WHAT THIS TASK INVOLVES — Print all the data that follows exactly, images excluded.

INFORMATION SUPPLIED —
# # # # # # #
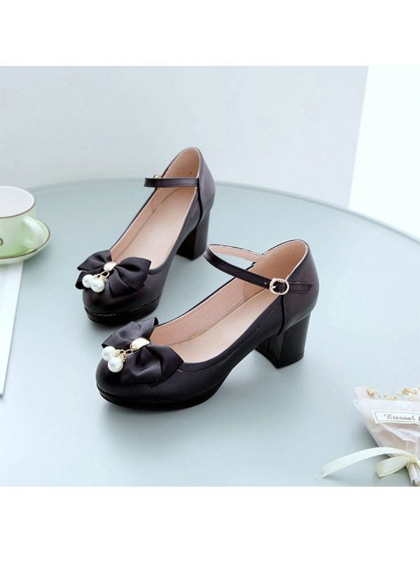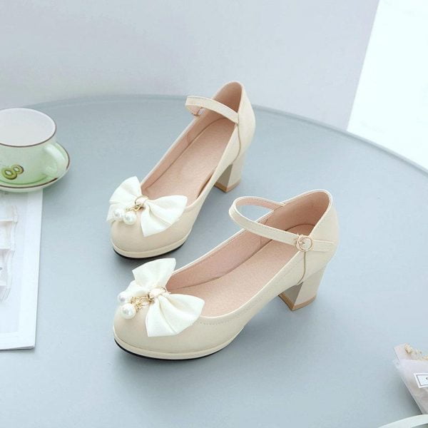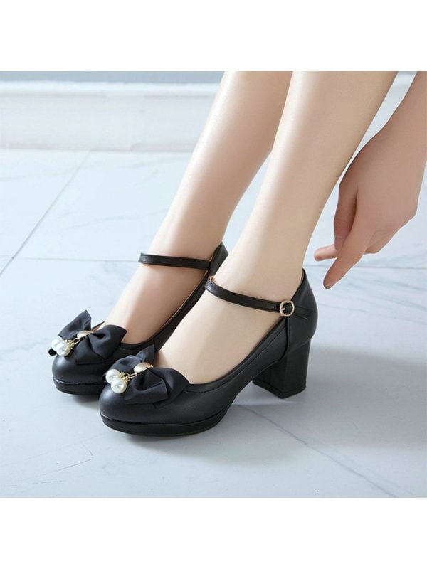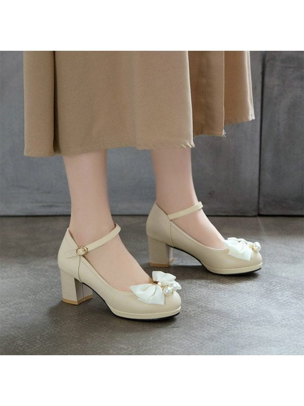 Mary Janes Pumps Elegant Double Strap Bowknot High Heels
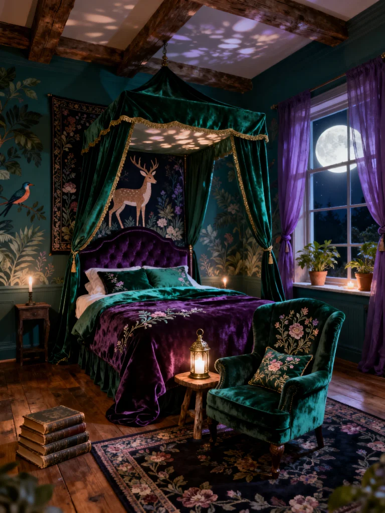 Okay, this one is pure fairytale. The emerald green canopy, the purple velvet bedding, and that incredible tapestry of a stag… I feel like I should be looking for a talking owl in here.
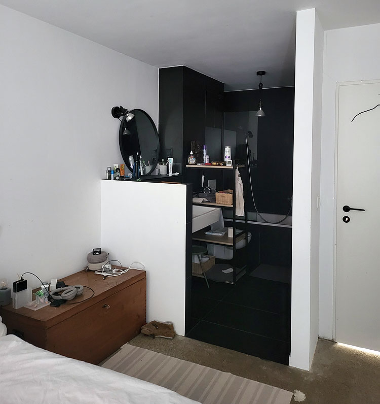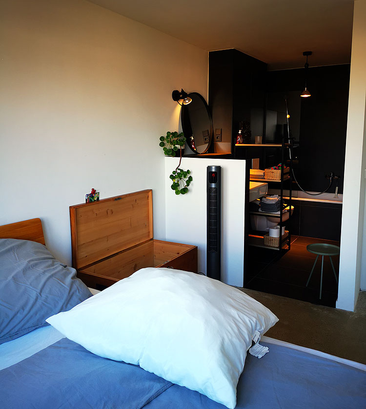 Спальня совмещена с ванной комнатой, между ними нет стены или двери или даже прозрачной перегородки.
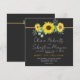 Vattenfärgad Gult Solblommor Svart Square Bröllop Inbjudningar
# # # # # # #
RESULT OF THIS TASK —
 Mary Janes Pumps Elegant Double Strap Bowknot High Heels
 Okay, this one is pure fairytale. The emerald green canopy, the purple velvet bedding, and that incredible tapestry of a stag… I feel like I should be looking for a talking owl in here.
 Спальня совмещена с ванной комнатой, между ними нет стены или двери или даже прозрачной перегородки.
 Vattenfärgad Gult Solblommor Svart Square Bröllop Inbjudningar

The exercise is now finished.